Ordered that the order is affirmed insofar as appealed from, with costs.
A building owned by the plaintiff in Queens was destroyed by a fire in January 1989. The plaintiff, alleging that the appellant caused the fire by failing to repair the pipes in the building in a workmanlike manner, commenced an action to recover for damages to the property and served a notice upon the appellant seeking disclosure of any investigative reports concerning the fire. The appellant moved for a protective order on the ground that the requested material was exempt from disclosure pursuant to CPLR 3101 (d) (2) because it was prepared by its claims department "solely in anticipation of a lawsuit or to defend an existing claim as in this case".

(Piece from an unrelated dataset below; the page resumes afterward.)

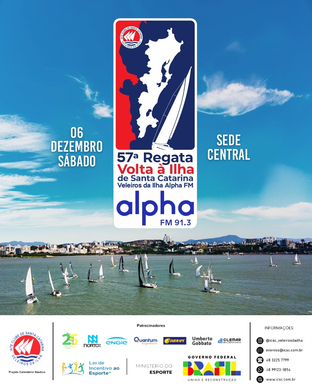 A Regata Volta à Ilha de Santa Catarina Veleiros da Ilha Alpha FM, realizada neste sábado (6) e válida como última etapa da Copa Veleiros de Oceano, encerrou a temporada com uma edição marcada por intensidade, técnica e resistência. Sob vento nordeste entre 20 e 25 nós, em uma das condições mais duras dos últimos anos, as tripulações enfrentaram longos trechos de contravento em quase toda a volta na Ilha. O veleiro Catuana Kim, comandado por Paulo Cocchi, mostrou grande desempenho e cruzou em primeiro lugar a linha de chegada na Baía Norte, após 9h43m30, garantindo o troféu Fita Azul da edição 2026 e o título da categoria BRA-RGS.

As the party seeking to preclude discovery, the appellant had the burden of proving that the material was not discoverable (see, Crazytown Furniture v Brooklyn Union Gas Co., 145 A.D.2d 402; see also, Spectrum Sys. Intl. Corp. v Chemical Bank, 78 N.Y.2d 371; Koump v Smith, 25 N.Y.2d 287). We find that the Supreme Court did not improvidently exercise its discretion by denying the appellant's request for a protective order. Pursuant to CPLR 3101 (g), accident reports prepared in the regular course of business operations or practices are discoverable, even if made solely for the purpose of litigation (see, Crazytown Furniture v Brooklyn Union Gas Co., supra; Miranda v Blair Tool Mach. Corp., 114 A.D.2d 941; Pataki v Kiseda, 80 A.D.2d 100). The appellant failed to meet its burden of establishing that the material was not prepared in the regular course of business (see, Crazytown Furniture v Brooklyn Union Gas Co., supra; see also, Chakmakjian v NYRAC, Inc., 154 A.D.2d 644).
The appellant's argument that certain matters should be redacted from the report was not timely raised in the Supreme Court, and we decline to reach it on appeal. Lawrence, J.P., O'Brien, Joy and Florio, JJ., concur.